Abstract
Colorectal cancers have a lower mitochondrial DNA mutation frequency than normal tissue.
Major finding: Colorectal cancers have a lower mitochondrial DNA mutation frequency than normal tissue.
Concept: The shift from oxidative phosphorylation to glycolysis in tumors may protect mitochondrial DNA.
Impact: Induction of mitochondrial DNA damage may be an effective anticancer strategy.
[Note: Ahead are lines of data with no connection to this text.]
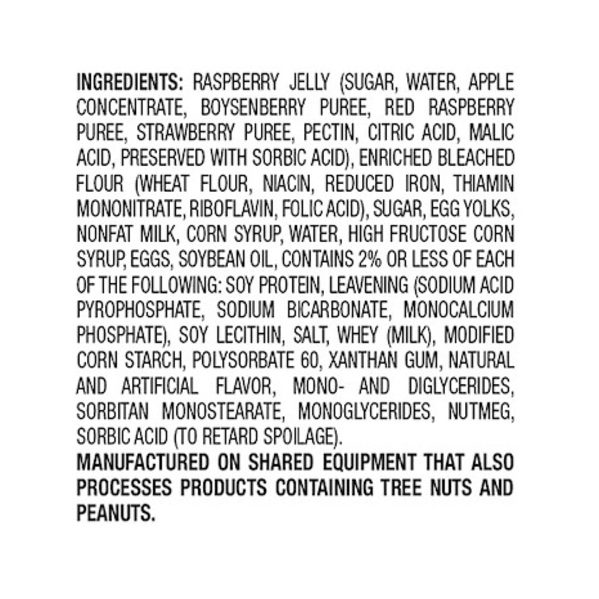 Raspberry Jelly (Sugar, Water, Apple Concentrate, Boysenberry Puree, Red Raspberry Puree, Strawberry Puree, Pectin, Citric Acid, Malic Acid, Preserved with Sorbic Acid), Enriched Bleached Flour (Wheat…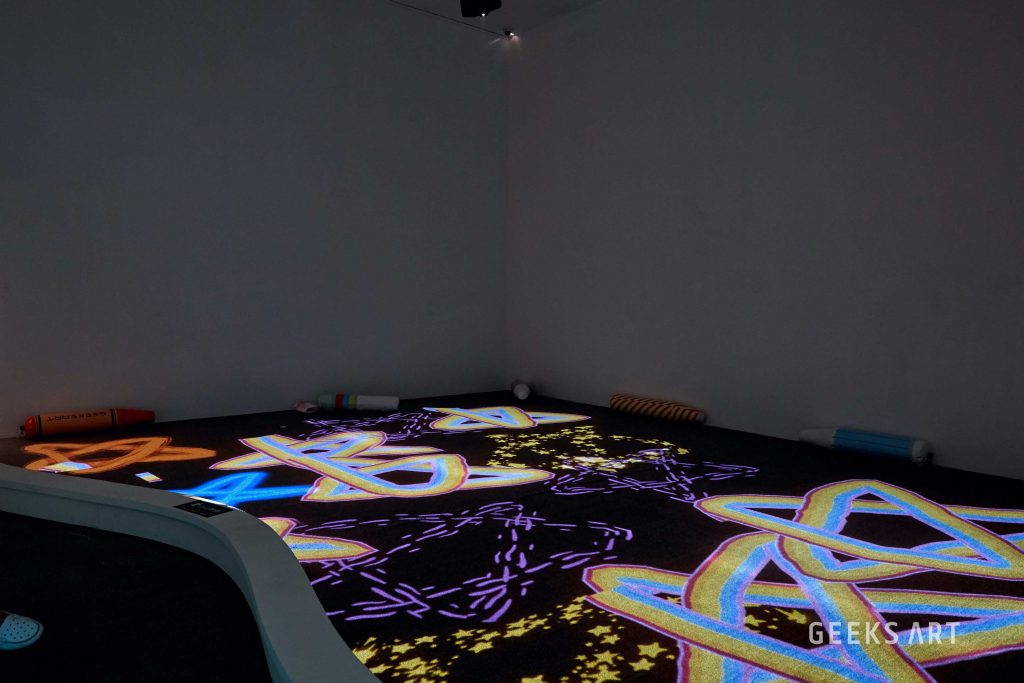 互动方式:观众在平板上随意画图, 并且把图片上传到墙面, 当墙面的图形全部填满的时候, 会发现是一副巨大的画作.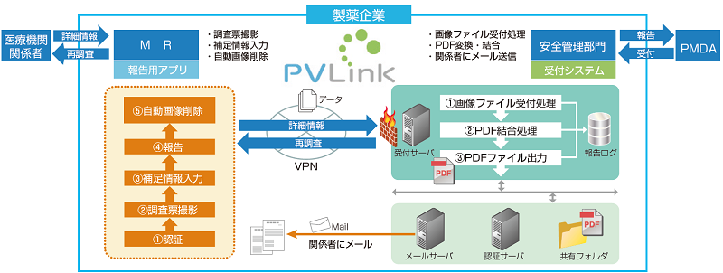 - 「PVLink Camera Report」は、製薬企業とPMDA(独立行政企業医薬品医療機器総合機構)間で行われている医薬品の副作用等の報告業務(以下 副作用報告)を円滑に行う事をサポートするシステムです。製薬企業のMR(医薬情報担当者)が、医療機関から収集した紙ベースの医薬品の副作用・症例情報をスマートデバイスのカメラで電子化し、自社の安全管理部門に迅速かつセキュアに報告が実現できます。また、汎用撮影モードにより医療機器の不具合報告にも対応しています。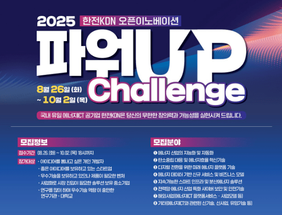 한전KDN(사장 박상형)은 10월2일까지 6주간 창의적인 아이디어와 신기술을 발굴하기 위한 ‘KDN 파워업 챌린지 2025’ 공모를 진행한다고 26일 밝혔다.
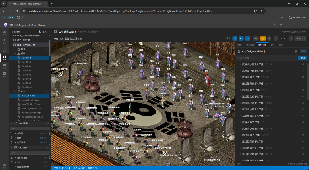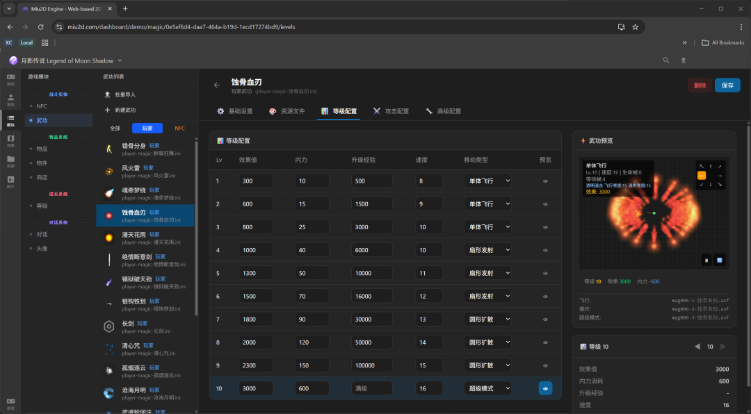 武功、NPC、地图、物品、对话树,13 个模块全能在网页上直接编辑,改完刷新就能在游戏里看到效果。以后只要把引擎接入 AI,用户就能一句话生成游戏剧情和 MOD 了。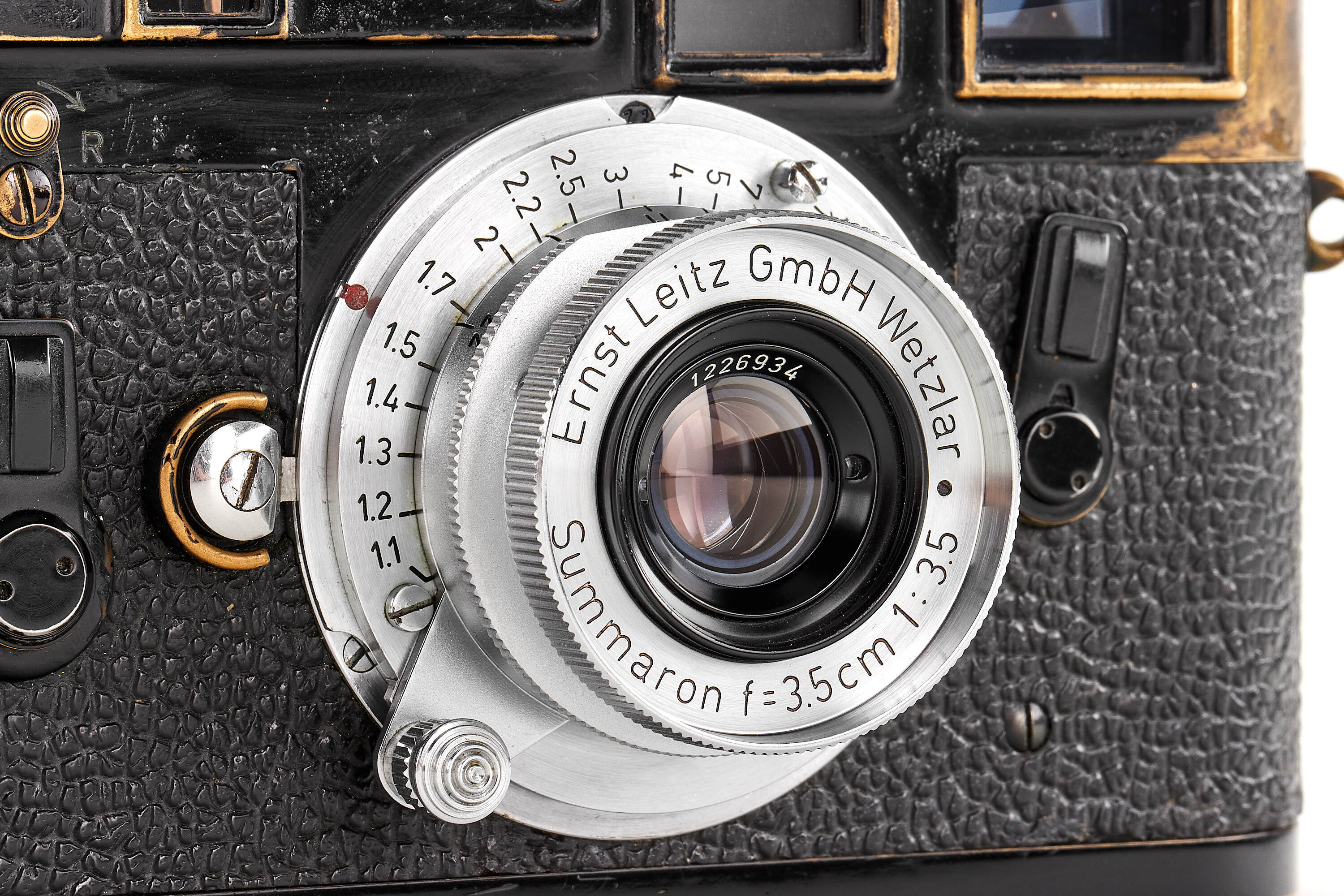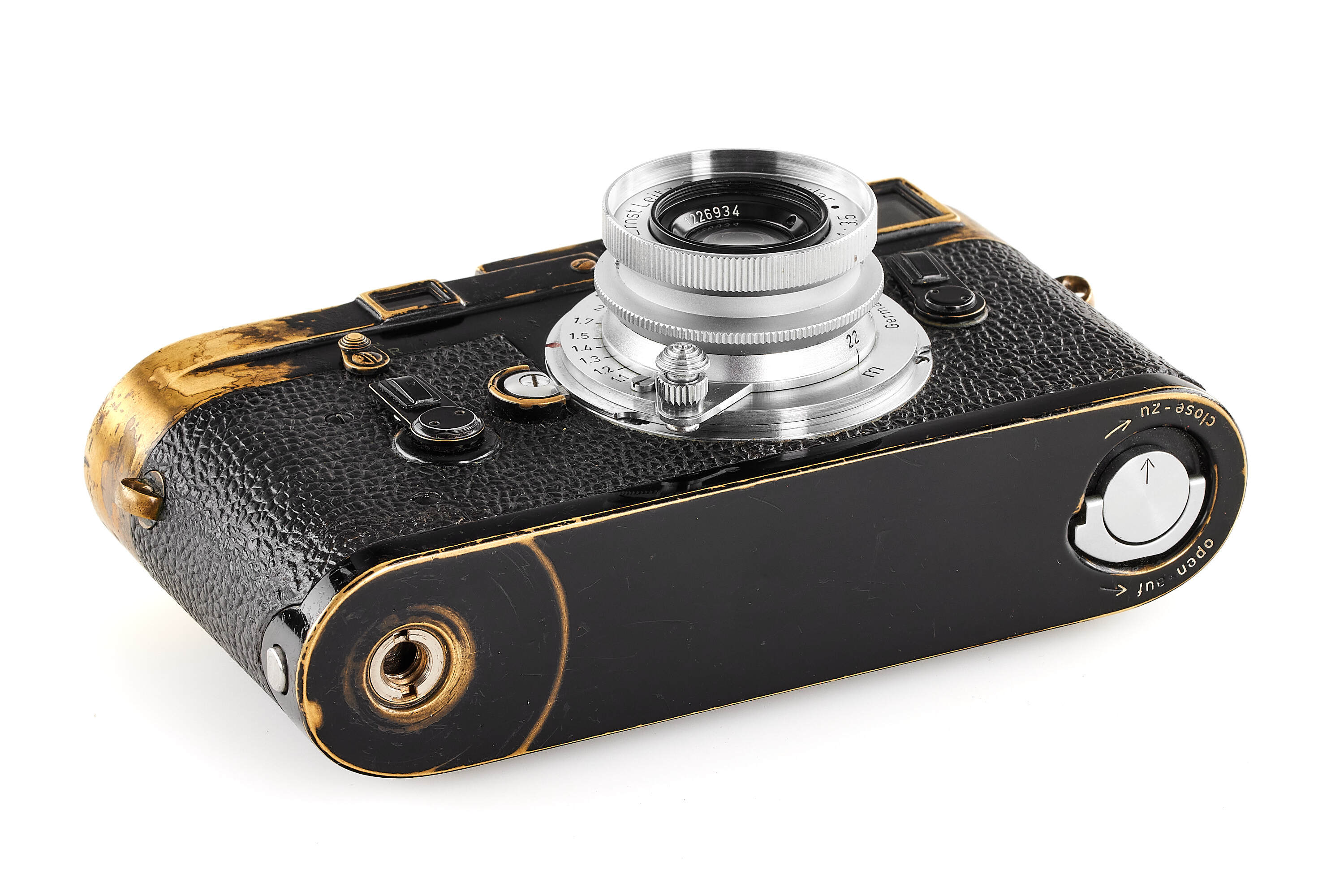 An original Leica M3 black paint with a patina of years of professional use, later self-timer lever and preview lever, with M39 Summaron 3.5/3.5cm no.1226934 with M-adapter. The camera comes from an official batch of 200 black paint cameras issued in 1961.

Mitochondrial DNA mutations that confer a selective growth advantage have been identified in human tumors, but it is unknown if mitochondrial genomes are unstable in cancer. Ericson and colleagues determined the mitochondrial DNA mutation frequency in 21 colorectal cancers and adjacent nontumor tissue using the random mutation capture assay, a method that quantifies the number of substitutions at intragenic restriction enzyme sites. Surprisingly, the tumors had an average mutation rate that was approximately 3-fold lower than that of matched normal tissue and also lower than that of benign adenomas. The most common base substitution in the adenomas and matched normal tissues was cytosine:guanine to thymine:adenine, which occurs due to oxidative damage–induced deamination of cytosine bases. This mutation spectrum was significantly less common in tumors, which led the authors to posit that the shift from oxidative phosphorylation to anaerobic glycolysis that occurs in tumor cells reduces the production of reactive oxygen species in the mitochondria, which in turn leads to decreased mitochondrial DNA damage. Consistent with this hypothesis, a high ratio of lactate, the end product of glycolysis, to citrate, a tricarboxylic acid cycle intermediate that is a precursor to oxidative phosphorylation, was negatively correlated with mutation frequency. Although analyses of mitochondrial mutation rates are needed in additional cancers and the role of mitochondrial DNA repair should be explored, these findings provide initial evidence that a glycolytic shift might protect tumor cells from oxidative damage and contribute to cell immortality. Cancer cells may therefore be selectively sensitive to agents that directly induce mitochondrial DNA damage.